1
$\begingroup$

I have asked a similar question here before, and received a nice answer. I think that the next question here is equivalent, but can't seem to be able to prove it. Here goes:

Given an odd $n$, I want to find an $0\leq m\leq n-1$ s.t $m\in\left(\mathbb{Z}/n\mathbb{Z}\right)^{*}$ (i.e, $m$ is invertible modulu $n$), and also $\left(1-m^{-1}\right)\in\left(\mathbb{Z}/n\mathbb{Z}\right)^{*}$ and $\left(\frac{m}{n}\right)=1$ when $\left(\frac{m}{n}\right)$ is the Jacobi symbol.

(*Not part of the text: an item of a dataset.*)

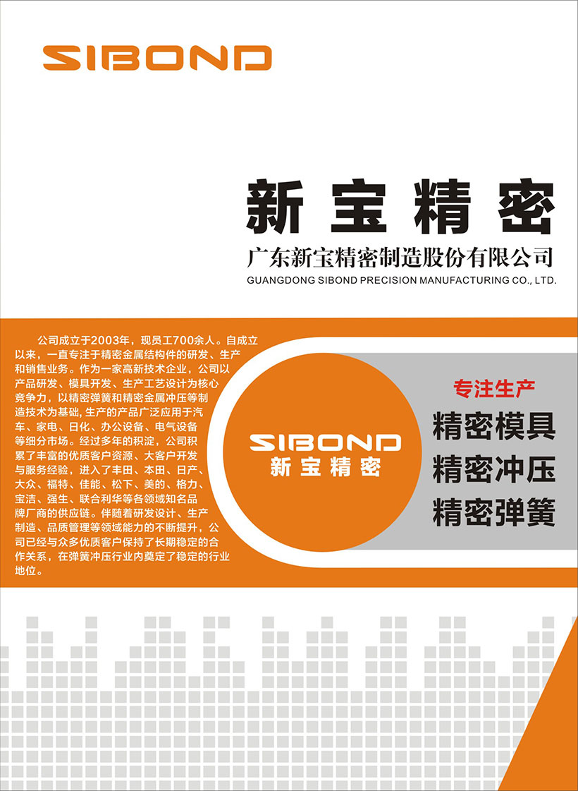 公司成立于2003年,自成立以來,一直專注于精密金屬結(jié)構(gòu)件的研發(fā)、生產(chǎn)和銷售業(yè)務(wù)。作為一家高新技術(shù)企業(yè),公司以產(chǎn)品研發(fā)、模具開發(fā)、生產(chǎn)工藝設(shè)計為核心競爭力,以精密彈簧和精密金屬沖壓等制造技術(shù)為基礎(chǔ),生產(chǎn)的產(chǎn)品廣泛應(yīng)用于汽車、家電、日化、辦公設(shè)備、電氣設(shè)備等細分市場。經(jīng)過多年的積淀,公司積累了豐富的優(yōu)質(zhì)客戶資源、大客戶開發(fā)與服務(wù)經(jīng)驗,進入了豐田、本田、日產(chǎn)、大眾、福特、佳能、松下、美的、格力、寶潔、強生、聯(lián)合利華等各領(lǐng)域知名品牌廠商的供應(yīng)鏈。伴隨著研發(fā)設(shè)計、生產(chǎn)制造、品質(zhì)管理等領(lǐng)域能力的不斷提升,公司已經(jīng)與眾多優(yōu)質(zhì)客戶保持了長期穩(wěn)定的合作關(guān)系,在彈簧沖壓行業(yè)內(nèi)奠定了穩(wěn)定的行業(yè)地位。
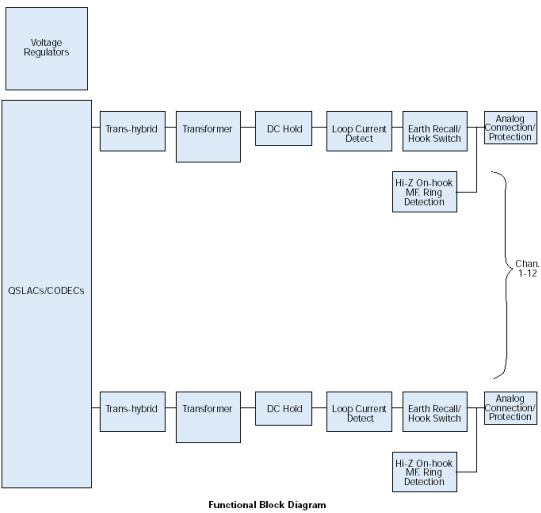 來自12個環(huán)路電話線的信號首先通過電話線路接口連接到D/120JCT-LS板卡上,該接口提供瞬變保護和電磁干擾(EMI)刪除(參見子板塊圖)。這些電話線路接口使用可靠的晶體摘掛機開關(guān)(無機械接觸)和FCC-Part

I can prove that if we disregard the Jacobi symbol requirement, this is equivalent to finding to succeeding invertible numbers modulu $n$. But when we throw the Jacobi symbol in to the equation, I'm not sure if this is the same as my earlier question. If it is, I would greatly appreciate a proof. If not, a new answer :).

Thanks alot!

2 Answers 2

3

For any $m \in (\mathbb{Z}/n\mathbb{Z})^\star$, since $m^{-1} = m \times (m^{-1})^2$, $\left(\frac{m}{n}\right)=\left(\frac{m^{-1}}{n}\right)$. Furthermore, $-1$ is invertible, so it is the same thing to find a square residue $m$ with $1-m^{-1}$ invertible than to find a square residue $m^{-1}$ with $m^{-1}-1$ invertible.

2

$1 - m^{-1} = (m-1)/m$. $m$ and $1 - m^{-1}$ are units if and only if $m$ and $m-1$ are units.